At the end of the 1999 season, Riolo represented Italy in the first Mediterranean Cup. Riolo later captain/coached The Azzuri in the Rugby League Emerging Nations Tournament in which they were runners-up to British Amateur Rugby League Association, narrowly missing out on a place at the 2000 Rugby League World Cup.

In 2015, Riolo played for the Australian Oztag over-40's side in the World Cup.

Sporting positions
| Preceded byCraig Salvatori 1999 | Coach Italy 2003-2006 | Succeeded byDavid Penna 2009 |

==Sports agent==
Early in his player management career, Riolo cut his teeth working with prominent internationals Jason Cayless, Craig Fitzgibbon, Andrew Ryan and Michael Vella. Today, he manages a number of the NRL’s highest profile players, including Todd Carney, Paul Gallen, James Graham, Brett Morris and Josh Morris. His AFL clients include Kieren Jack.
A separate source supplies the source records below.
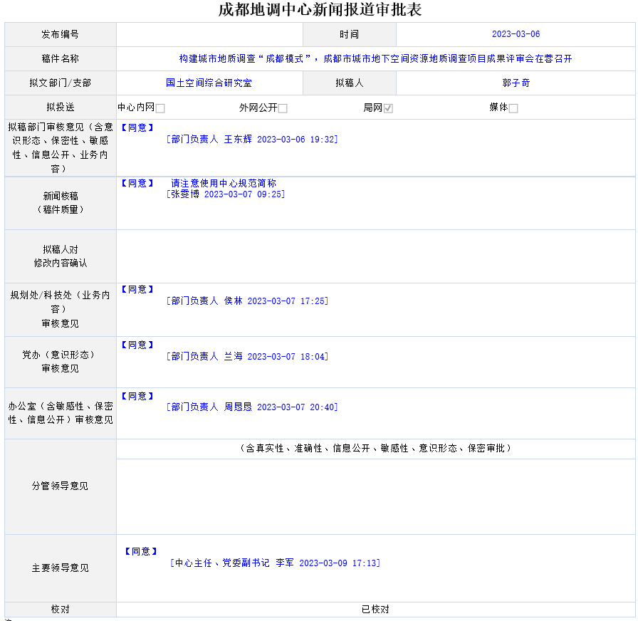 2023年3月4日,由中国地质调查局与成都市人民政府联合组织实施的“成都市城市地下空间资源地质调查”项目通过院士领衔的专家组评审。专家组评价认为项目成果总体达到国际先进水平,特大城市地下空间综合地质调查与关键建模技术达到国际领先水平。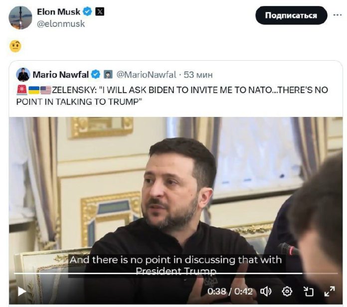 Musk reagoval emotikonom so zdvihnutým obo?ím na Zelenského slová o zbyto?nosti rozhovoru s Trumpom o vstupe Ukrajiny do NATO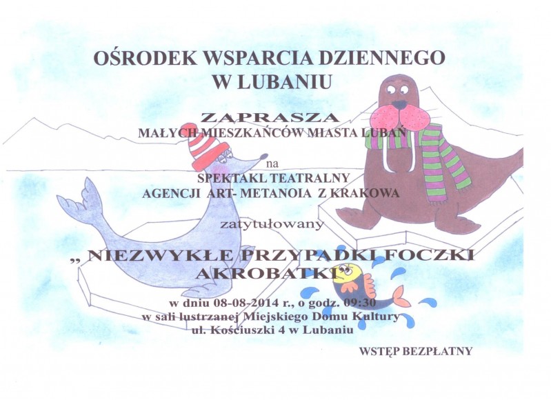 Ośrodek Wsparcia Dziennego w Lubaniu, zaprasza małych mieszkańców miasta Lubań na spektakl teatralny zatytułowany „Niezwykłe przypadki foczki akrobatki”, który odbędzie się w dniu 08-08-2014r., o godz. 09:30 w sali lustrzanej Miejskiego Domu Kultury ul. Kościuszki 4 w Lubaniu. WSTĘP BEZPŁATNY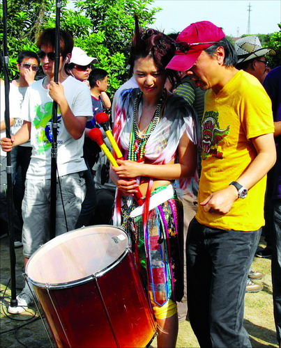 在劇照上,譚維維穿著清涼,再加上混合了各種民族元素的鮮艷裝飾和紋身,火辣的身材暴露無疑。更加令人驚奇是譚維維的發(fā)型,一縷縷火箭般的沖天直發(fā),頗有漫畫卡通人物的感覺。而崔健打造出這般造型,是為了表現(xiàn)未來的風(fēng)格,還是僅僅用于樂隊(duì)的表演,尚不得而知。激烈的鼓樂、動(dòng)感的舞蹈、火辣的裝束、夸張的發(fā)型,崔健譚維維共同打造的這部發(fā)生在2029年的未來成都故事,最終將呈現(xiàn)出一番怎樣的效果,讓人非常期待。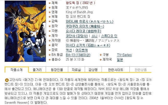 [왕도둑 징 완결(총13화) OVA포함] - 한글자막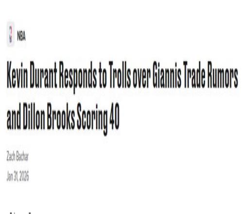 北京時間2月1日,鍵盤俠KD又上線了!火箭隊球星杜蘭特,對于自己的名字卷入字母哥與密爾沃基雄鹿隊的交易流言一事,頗感意外。此外,他還回應了狄龍近日40分爆發(fā)。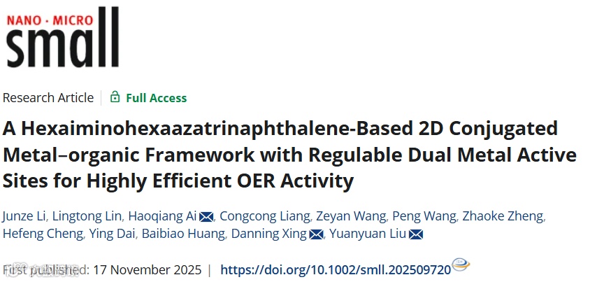 基于上述研究背景,我们选用具有双配位位点的六亚氨基六氮杂三萘(HAHATN)作为配体,通过调控反应体系 pH 值实现精准配位:酸性条件下,Co2+与 HAHATN 的菲啰啉氮位点配位,形成 Co3HAHATN 中间体;碱性条件下,Fe3+进一步与 Co3HAHATN 中的氨基位点配位,成功构建 Fe3(Co3HAHATN )2二维共轭金属有机框架(MOF)。该 MOF 展现出优异的电催化析氧反应(OER)性能,电流密度达到 10 mA cm-2 时的过电位仅为 220 mV。实验与密度泛函理论(DFT)计算结果共同证实, Fe3(Co3HAHATN )2的高催化活性源于 Fe-N4与 Co-N2Cl2双活性位点的协同作用。其中 Fe-N4位点更利于 OH⁻的吸附,而 Co-N2Cl2位点可有效降低反应决速步的自由能垒。该成果以“A Hexaiminohexaazatrinaphthalene-Based 2D Conjugated Metal-Organic Framework with Regulable Dual Metal Active Sites for Highly Efficient OER Activity”为题,发表在国际知名期刊《Small》上,该工作为合成具有可精准调控双金属活性位点的 π-d cMOFs提供了新思路。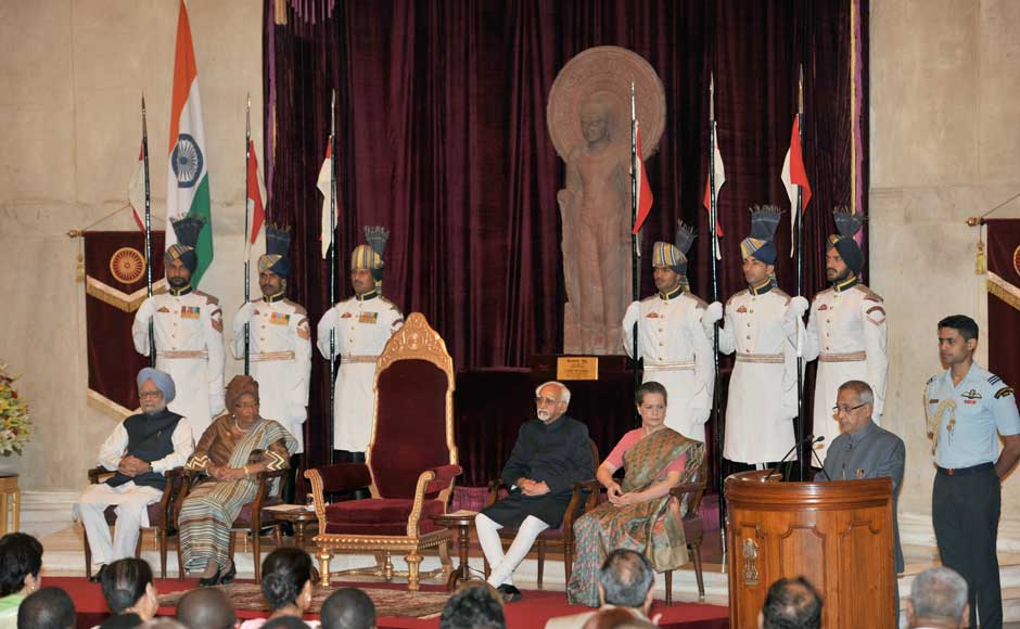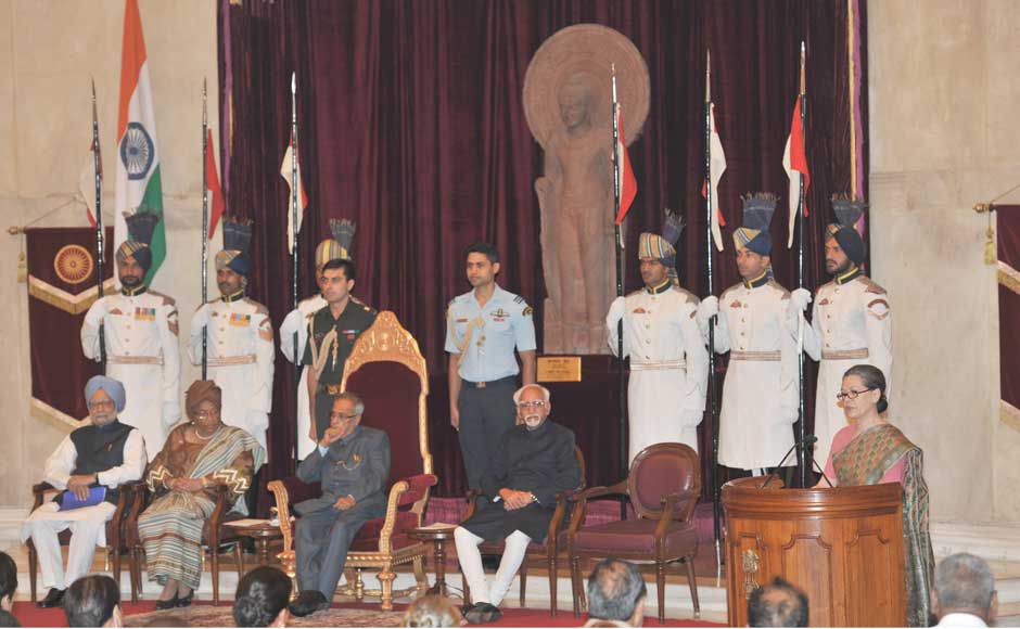 President Pranab Mukherjee addressing at the Indira Gandhi Prize for Peace, Disarmament and Development 2012 presentation ceremony, at Rashtrapati Bhavan, in New Delhi on September 12, 2013. Liberia President Ellen Johnson Sirleaf, Vice President Hamid Ansari, Prime Minister Manmohan Singh and Chairperson, National Advisory Council, Sonia Gandhi are also seen. Image courtesy PIB
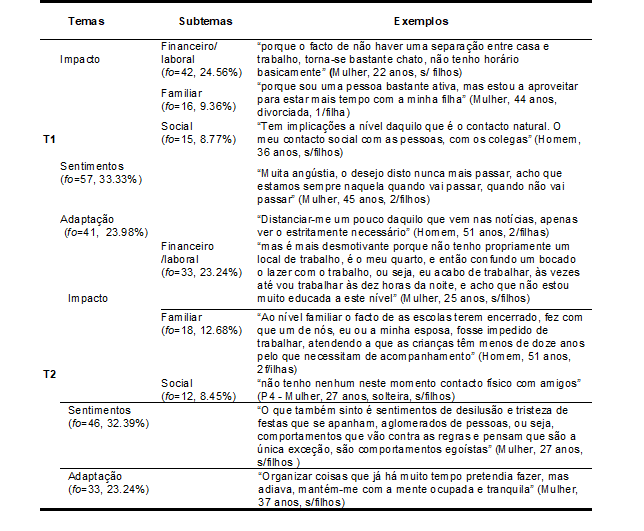 O consenso entre a análise fenomenológica independente resultou nos temas centrais das entrevistas e na emergência de subtemas: 1) Impacto (T1-42.73%/T2-44.37%); 2) Sentimentos (T1-57.31%/T2-55.63%); 3) Adaptação (T1-41%/T2-23.24%). Verificamos que a temática Sentimentos é expressiva em número de ocorrências, seguida do impacto e adaptação, verificando-se uma alteração temporal (tabela 1). Em T1, a qualidade/tempo em família foi valorizada positivamente (30%); salientamos o impacto do confinamento no quotidiano, sobrecarga laboral, gestão de múltiplos papéis e dificuldade no equilíbrio trabalho-família e “em desligar do trabalho”. Socialmente, o impacto apontado foi a falta de liberdade e de contacto físico (80%). Os sentimentos de solidão, medo do contágio e ansiedade associados ao vírus, foram prevalentes, adotando intuitivamente, antes de qualquer campanha informativa, estratégias de autorregulação e coping adaptativas como: atividade física, evitar as notícias; controlar o tempo de ecrã/redes sociais, positividade. Em T2, as dificuldades na gestão quotidiana e equilíbrio trabalho-vida/família mantêm-se (12.68%), acusando desgaste nas condições laborais e sobrecarga de trabalho (23.24%). Ainda que os sentimentos de ansiedade face ao vírus tenham diminuído, aumentam as menções de solidão e isolamento social (32.39%).

Most notably, Riolo has shaped the career of multi-sport athlete Karmichael Hunt, successfully negotiating cross-code moves from the Brisbane Broncos (NRL) to Biarritz Olympique in France (Top 14 Rugby Union), and then to the Gold Coast Suns (AFL) back in Australia.

On 26 April 2012, Riolo was banned for 6 months by the NRL over his actions in the Melbourne Storm salary cap affair.